Relationship Extraction Pipelet

Relationship Extraction Pipelet#

The LLM Relationship Extraction pipelet uses an LLM to enrich an existing taxonomy in Synaptica by proposing new relationships between known concepts, based on evidence found in your document corpus. Candidate relationships follow a set of predicates you define. The pipelet also records provenance data as mentions and documents in dedicated Synaptica schemes. If you are new to pipelets, see the Pipelets page for an overview of what pipelets are, how they fit into the Squirro pipeline, and how to configure them using the Pipeline Editor.

How It Works#

The pipelet processes each document as follows:

You define one or more predicates of interest. For each predicate, you specify a domain and a range, which constrain the compatible concept pools for the left-side and right-side participants of the relationship.
The pipelet fetches the entire taxonomy (all schemes in the project) from Synaptica via the API. To limit token usage, the taxonomy is reduced to labels, synonyms, and definitions and converted into a Markdown-like text representation.
The document text, the taxonomy, and the predicates are provided to the LLM, which identifies candidate relationships expressed in the source text. Each relationship is a triple: subject, predicate, and object, along with the text span that indicates it.
The pipelet then validates the results against the fetched taxonomy, enforcing the defined domains and ranges and discarding relationships that do not comply.

The final set of candidate relationships is written back to a separate Synaptica scheme for human review. A taxonomy editor then reviews the candidate relationships directly in Synaptica. Approved relationships are manually moved to the original taxonomy scheme, and the necessary connections to existing concepts are created by hand. Relationships that are not approved remain in the candidate scheme and are not promoted.

Prerequisites#

Before setting up this pipelet, ensure you have:

An existing taxonomy project in Synaptica. If you do not have one, established public domain vocabularies are a good starting point. Visit the Squirro Support website and submit a technical support request for assistance with setting one up.
An OpenAI API key. The pipelet accesses the LLM programmatically through the OpenAI API and requires valid API credentials. Customers and partners are expected to provide their own LLM access and are responsible for any associated usage costs.
A representative sample of your documents and taxonomy to validate results before running the pipelet at scale. Scalability depends on several factors: the choice of LLM, the size and complexity of the taxonomy, and the volume of documents in your data sources. Squirro recommends starting with sample data to assess quality and performance before scaling up. For guidance on throughput planning and production sizing, visit the Squirro Support website and submit a technical support request for guidance from subject matter experts.
Server-level administrator access to the Squirro server to deploy the pipelet.
A valid Synaptica license and the appropriate Squirro add-on entitlement. Visit the Squirro Support website and submit a technical support request for licensing information.

Setup#

Synaptica Setup#

In your Synaptica project, create three new schemes: Candidate Relationships, Mentions, and Documents. These names are indicative and can differ if needed. Each scheme requires a specific configuration of namespaces, templates, properties, and relationships. Visit the Squirro Support website and submit a technical support request for assistance with the required configuration.
Create a dedicated Synaptica user account for the pipelet. That account requires Editor II permissions on both the original taxonomy schemes and the three new schemes.

Squirro Setup#

Visit the Squirro Support website and submit a technical support request to obtain the pipelet file (a .py file). Once received, upload it to the Squirro server using the pipelet upload command from the Squirro Toolbox. That is a one-time task per server. For full upload instructions, see the Development Workflow page.
To add the pipelet to a pipeline:
1. Navigate to Setup → Pipeline and click the red Edit button to open the Pipeline Editor.
2. Search for LLM Relationship Extraction in the pipelet list on the left.
3. Drag the pipelet into the Relate section of your pipeline.
4. Click the pencil icon on the pipelet to open its configuration panel. Fill in all required fields and click Save, then Exit.

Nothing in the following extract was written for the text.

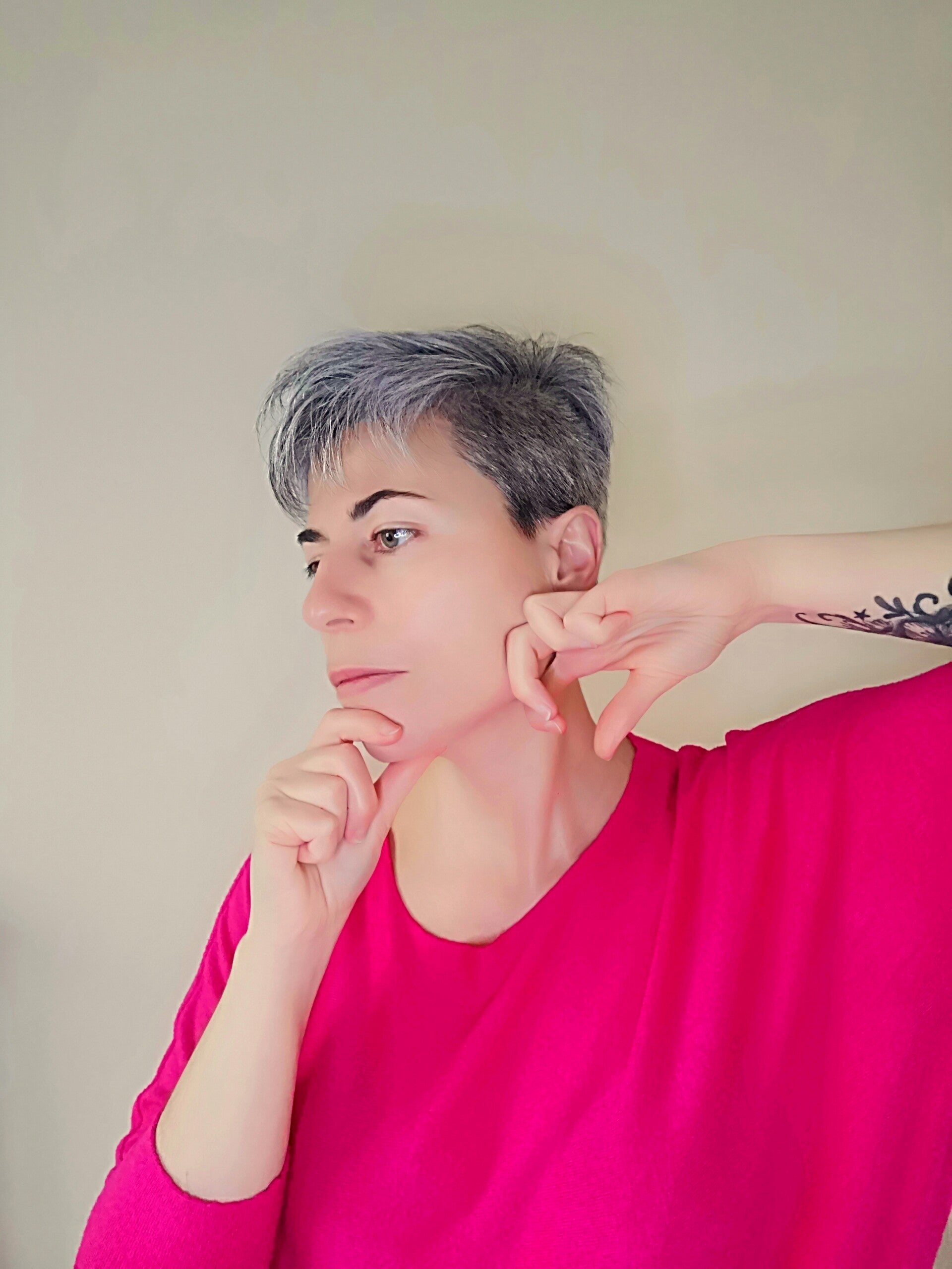 Le yoga du visage aide à relâcher les tensions qui se concentrent sur le front et le crâne, souvent responsables des rides du lion et des rides horizontales. Par des gestes doux et précis, il lisse les traits, détend les muscles et apporte une sensation de légèreté, pour un front plus apaisé

The pipelet processes only documents ingested after it is added to the pipeline. Documents already indexed before that point are not automatically reprocessed.

Verifying Results#

After the pipelet runs on ingested documents, verify the results in Synaptica:

In Synaptica, open the Candidate Relationships scheme. New candidate relationships extracted from your documents should appear there as triples, associated with their source concepts via rdf:subject and rdf:object. The Mentions and Documents schemes should also contain provenance entries.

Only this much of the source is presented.